The public exacerbation of anti-Catholicism became visible at various points in modern history. In 1880 and 1901 for example, the French government adopted anti-clerical laws that made it possible to expulse religious, even contemplative orders. In 1903, the Carthusian monks were expulsed, with the support of the army and police forces, from their monastery, the Grande Chartreuse in Saint-Pierre-de-Chartreuse. This and the other hundreds of expulsions were the consequence of the anticlerical rhetoric that had pervaded French public and political discourse for decades. This rhetoric was fueled by caricatures with vulgar and obscene accusations against the clergy as well as religious orders.

This vulgarity makes it evident that French anti-clericalism and European anti-Catholicism are not so much concerned with real political or ideological issues, but with the vital, primitive threat posed by the idea of clerical and monastic, ascetic life. Monasticism is the archetypal enemy of liberalism. It questions the anthropology postulated by the principles of liberal society. The liberal subject cannot reasonably be attracted to the idea of giving up comfort, financial power, material wealth, and the freedom to choose between different, consumable options at all levels of his or her life. Therefore, liberalism must cultivate the idea that monasticism is a scam and that religious life is just a farce. In reality, monks and nuns are depraved, greedy, insatiable monsters.

It is only by entertaining this profound, almost psychotic conviction about the failure of the Catholic program that Western liberalism can uphold its own program and its struggle against ideas such as religious reformation and life beyond physical and social limitations. But paradoxically, anti-Catholicism ends up, in its struggle against transcendence, resembling the religion that it wants to repress. Like Catholics, anti-Catholics accept that a personified enemy, the Catholic Church, exists, and describe this enemy as a metaphysical entity, in abstract, absolute notions. And like Catholics practicing Eucharistic communion to participate in the passion and resurrection of Christ, anti-Catholics practice some kind of inverted, liturgical anti-Eucharist, by celebrating the death and passion of Catholicism, by devouring its embodied reality, and by feeding off its dispersed fragments. In its fear and anger about the threat of transcendence, anti-Catholicism mimics the dying being whose death it wished for, so as to ridicule it and make its return impossible.

Thus, the resilience of anti-Catholicism can be explained by the expurgatory function that it assumes in Western liberal societies. Anti-Catholicism is not just a random element of liberal discourse. It is liberalism’s reaction to the presence of Catholic religiosity in its organism. By concentrating the contempt emanating from its limbs and organs on Catholicism, a liberal society becomes able to eject Catholicism from that organism, and purge itself from its desire for religious and spiritual expansion.

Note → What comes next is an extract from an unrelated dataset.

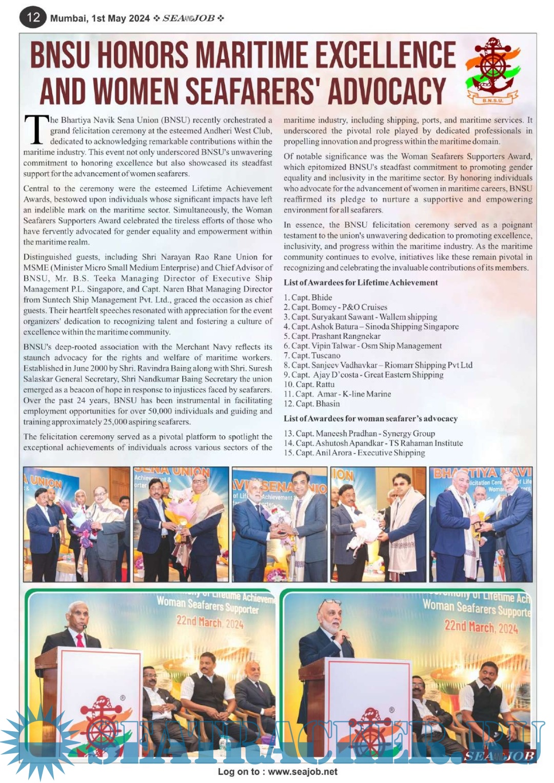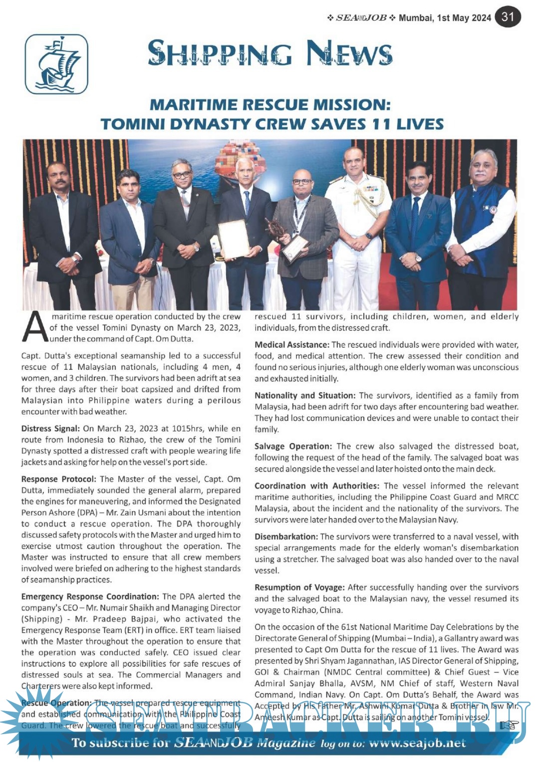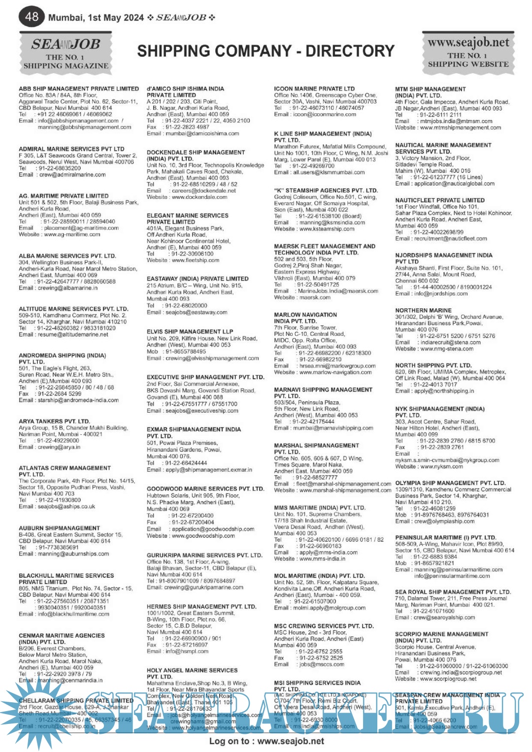Description: The Sea and Job magazine launched in May 2007, was the second venture of Sea Line Group succeeding 'seajob.net' bringing the much renowned essence to the Group, the Sea and Job Magazine quickly gained popularity, becoming the No. 1 Shipping Magazine that came to be widely circulated all over India. Sea and Job over the years has evolved as the most trusted, ethical, objective and read maritime publication that possesses a large database of subscribers from various verticals in the industry.The magazine provides informative and interesting articles covering not just the shipping world but also the world outside it.Sea and Job is also a medium for the shipping/ manning companies to advertise marine jobs and also to promote their organization by publicizing internal activities like seminars, sports events and parties.Some notable endeavors of the magazine include the Know Your Recruiter Column, the Sailing Episodes Column and the Marine Insights section. The consistent efforts and the dedication to provide extraordinary services to the industry has resulted in the magnifying popularity and patronage of Sea and Job.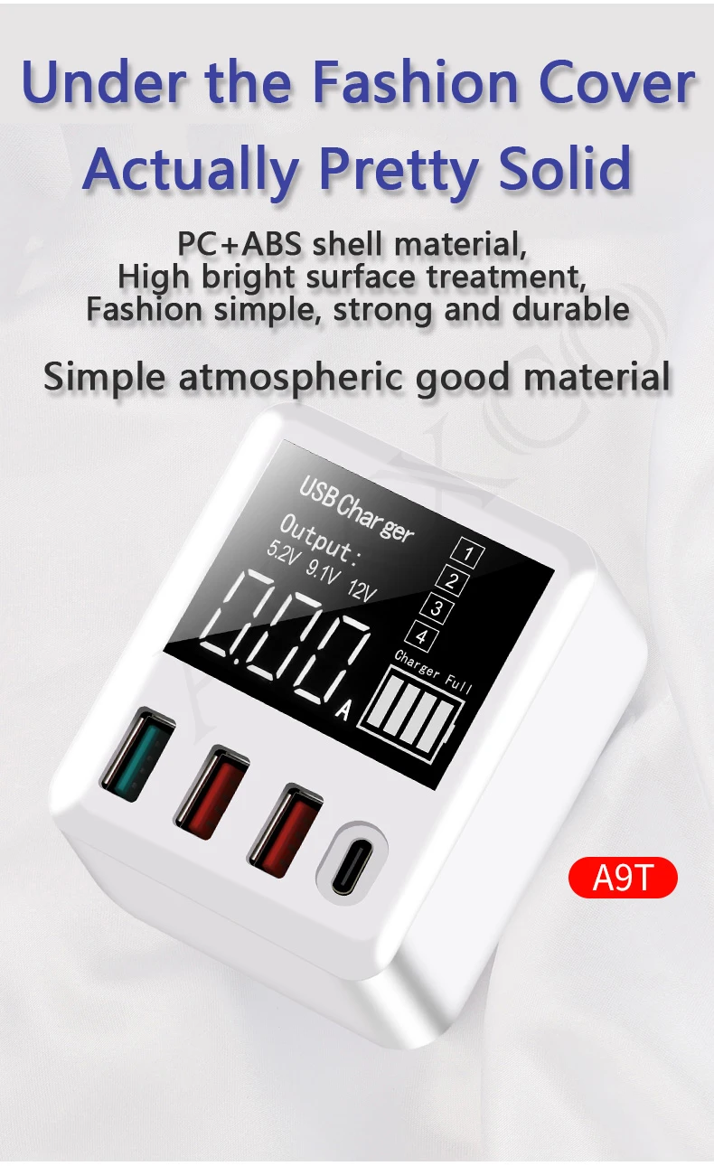Product parameters: A9T Input voltage: AC100-240V 50-60Hz DC output: 5V/6A Total power: 30W Type-C output: 5V/3A QC3.0 output: 5V3.4A/9V2A/12V1.5A Automatic recognition: adaptive voltage and current Cooling method: safe cooling aluminum sheet A9T+ Input voltage: AC100-240V 50-60Hz DC output: 5V/8A total power: 40W USB output: 5V1-2.4A PD output: 5V3A/9V2A/12V1.5A QC3.0 output: 5V3A/9V2A/12V1.5A Automatic recognition: adaptive voltage and current Cooling method: safe cooling aluminum sheet

A notable consequence of this liberal expurgation is that the Western interest in religions outside of its own cultural realm and its hope to find non-religious answers to its religious questions there will remain, as long as anti-Catholicism is dominant, tainted by anti-Catholic bias. The West justifies its interest in non-Western religious and spiritual traditions, such as East Asian Buddhism, meditation, yoga, precisely by pointing out the deceitfulness and false aspirations to transcendence of Christianity and Catholicism, and by approaching non-Western religions under the assumption that these religions will be fundamentally different from the repudiated Christian stereotype.

This poses a dangers insofar as anti-Catholicism might turn into the new form of Western universalism. The West will extend its expurgatory bias, in its struggle to purge itself from Catholicism, to a global level. Wherever it will find religion, it will praise that religion as being a healthy, responsible alternative to Catholicism.

Paradoxically, anti-Catholicism, which is grounded in the rejection of Catholicism’s alleged, colonial universalism, might turn out to be the new universalist aspiration of the West.